■ Dataset records
━━━━━━━━━━━━━━━━━━━━

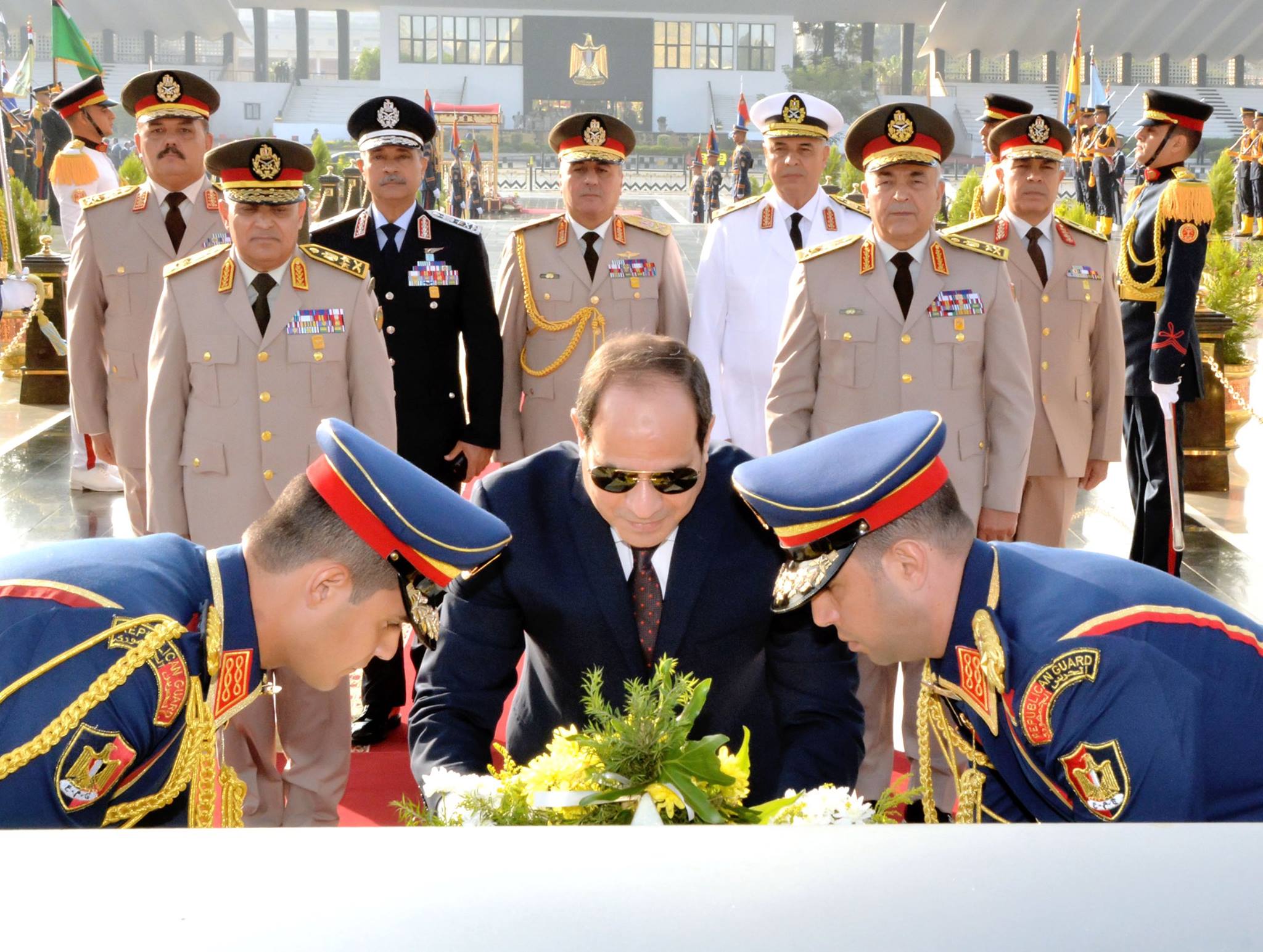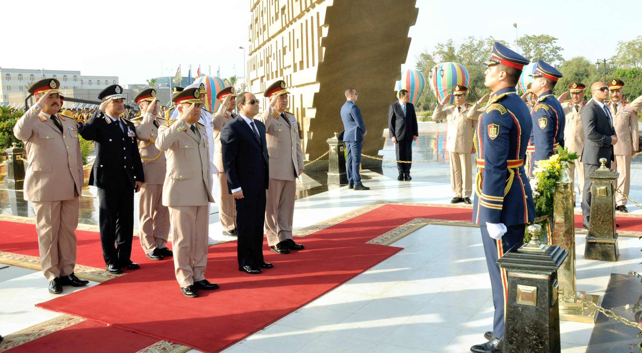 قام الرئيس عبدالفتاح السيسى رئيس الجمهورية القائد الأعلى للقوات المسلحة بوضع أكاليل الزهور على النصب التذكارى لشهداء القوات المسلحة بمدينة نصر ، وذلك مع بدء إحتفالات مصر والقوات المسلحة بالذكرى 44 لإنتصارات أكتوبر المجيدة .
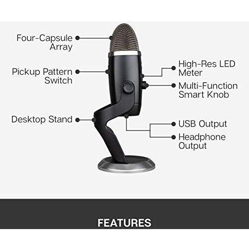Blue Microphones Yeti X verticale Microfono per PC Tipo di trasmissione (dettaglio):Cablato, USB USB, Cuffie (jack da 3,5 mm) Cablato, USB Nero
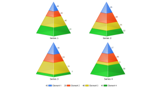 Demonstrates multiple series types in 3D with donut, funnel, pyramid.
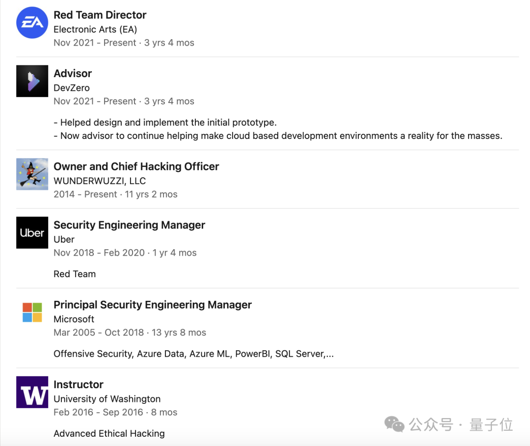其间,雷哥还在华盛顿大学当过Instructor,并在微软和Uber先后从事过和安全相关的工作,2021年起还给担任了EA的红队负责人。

━━━━━━━━━━━━━━━━━━━━

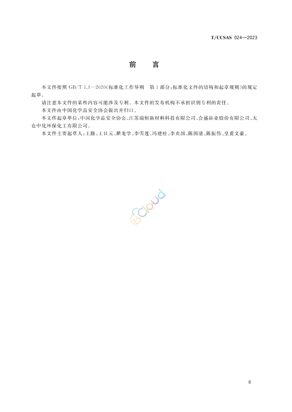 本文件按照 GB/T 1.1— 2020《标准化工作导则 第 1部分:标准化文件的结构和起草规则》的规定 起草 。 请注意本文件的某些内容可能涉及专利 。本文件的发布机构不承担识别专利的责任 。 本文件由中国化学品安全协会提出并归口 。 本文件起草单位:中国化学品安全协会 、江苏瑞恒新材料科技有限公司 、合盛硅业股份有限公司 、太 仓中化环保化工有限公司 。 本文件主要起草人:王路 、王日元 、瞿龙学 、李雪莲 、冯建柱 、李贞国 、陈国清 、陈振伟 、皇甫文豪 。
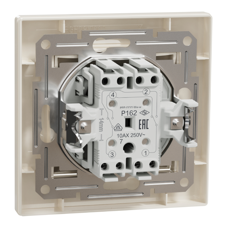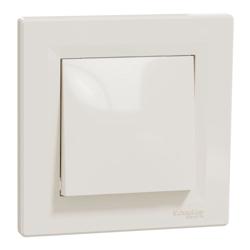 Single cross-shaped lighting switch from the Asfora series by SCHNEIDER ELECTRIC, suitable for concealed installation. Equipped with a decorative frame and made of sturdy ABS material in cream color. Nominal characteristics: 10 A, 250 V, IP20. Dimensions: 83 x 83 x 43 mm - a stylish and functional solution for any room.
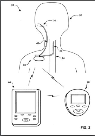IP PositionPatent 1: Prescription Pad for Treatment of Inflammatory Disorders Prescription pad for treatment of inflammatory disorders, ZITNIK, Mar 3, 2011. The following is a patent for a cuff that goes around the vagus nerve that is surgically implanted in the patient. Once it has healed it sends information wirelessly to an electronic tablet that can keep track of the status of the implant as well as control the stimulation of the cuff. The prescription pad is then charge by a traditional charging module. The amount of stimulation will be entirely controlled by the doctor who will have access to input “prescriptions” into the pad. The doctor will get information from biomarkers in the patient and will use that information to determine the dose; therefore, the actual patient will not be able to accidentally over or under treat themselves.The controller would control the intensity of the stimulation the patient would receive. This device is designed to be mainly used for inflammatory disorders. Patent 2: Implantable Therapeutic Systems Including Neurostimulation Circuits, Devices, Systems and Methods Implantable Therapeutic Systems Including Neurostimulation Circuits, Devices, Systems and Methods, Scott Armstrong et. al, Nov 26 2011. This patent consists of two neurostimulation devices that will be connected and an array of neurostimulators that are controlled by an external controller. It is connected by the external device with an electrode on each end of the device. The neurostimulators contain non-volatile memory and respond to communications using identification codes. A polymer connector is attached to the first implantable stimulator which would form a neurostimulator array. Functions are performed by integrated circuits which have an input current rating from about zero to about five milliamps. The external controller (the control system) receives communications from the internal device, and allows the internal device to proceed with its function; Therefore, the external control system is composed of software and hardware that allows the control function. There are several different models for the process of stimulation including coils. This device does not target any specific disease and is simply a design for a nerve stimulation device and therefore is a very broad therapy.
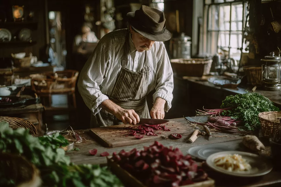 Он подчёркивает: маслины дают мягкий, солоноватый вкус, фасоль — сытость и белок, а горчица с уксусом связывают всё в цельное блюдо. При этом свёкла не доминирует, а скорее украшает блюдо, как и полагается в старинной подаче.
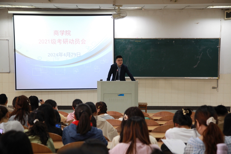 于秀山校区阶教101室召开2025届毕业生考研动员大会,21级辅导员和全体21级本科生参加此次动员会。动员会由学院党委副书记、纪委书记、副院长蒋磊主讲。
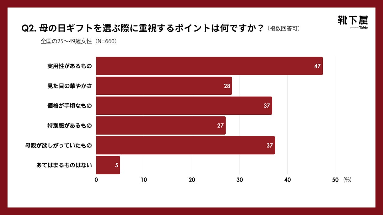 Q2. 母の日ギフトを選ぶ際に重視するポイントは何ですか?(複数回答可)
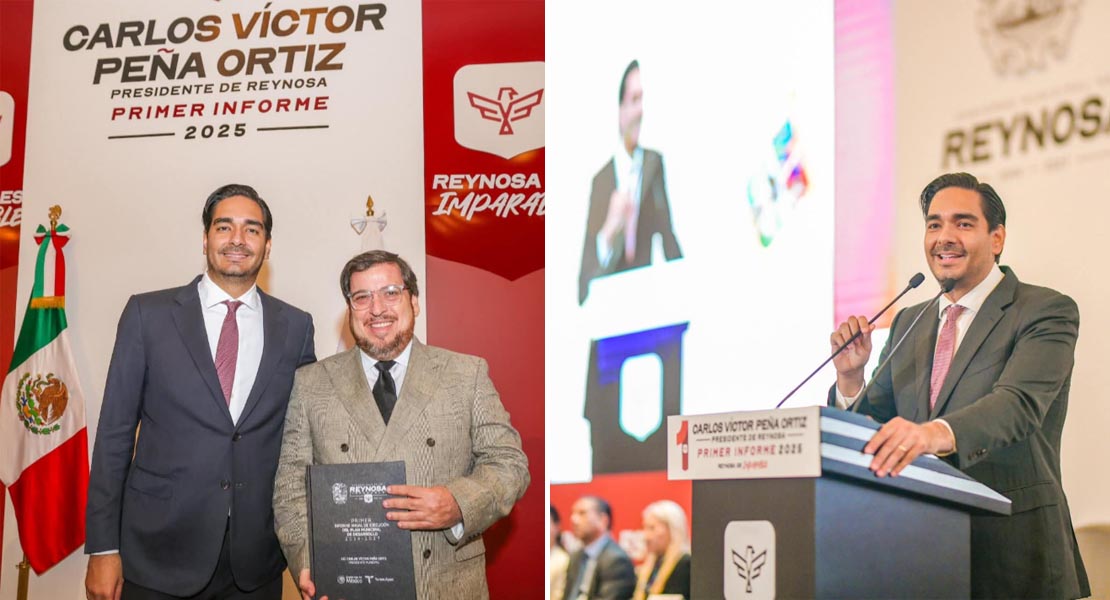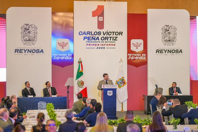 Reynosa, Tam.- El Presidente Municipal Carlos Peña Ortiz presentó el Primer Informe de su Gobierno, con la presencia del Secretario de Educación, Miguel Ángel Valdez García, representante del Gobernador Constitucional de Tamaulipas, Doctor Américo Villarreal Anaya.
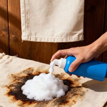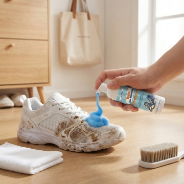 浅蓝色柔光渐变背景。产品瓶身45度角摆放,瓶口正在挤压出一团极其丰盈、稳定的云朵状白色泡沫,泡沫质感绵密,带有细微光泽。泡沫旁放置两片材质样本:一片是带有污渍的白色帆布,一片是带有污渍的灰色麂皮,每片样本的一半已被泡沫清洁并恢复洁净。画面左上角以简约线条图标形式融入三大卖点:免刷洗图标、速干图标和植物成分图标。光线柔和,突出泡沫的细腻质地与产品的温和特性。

━━━━━━━━━━━━━━━━━━━━

■ Work item
Set down again, exactly, every line above from the one with "Demonstrates multiple series" down to the one with "其间,雷哥还在华盛顿大学当过", both ends included. No pictures, and nothing else.

■ Solution to the exercise
 Demonstrates multiple series types in 3D with donut, funnel, pyramid.
其间,雷哥还在华盛顿大学当过Instructor,并在微软和Uber先后从事过和安全相关的工作,2021年起还给担任了EA的红队负责人。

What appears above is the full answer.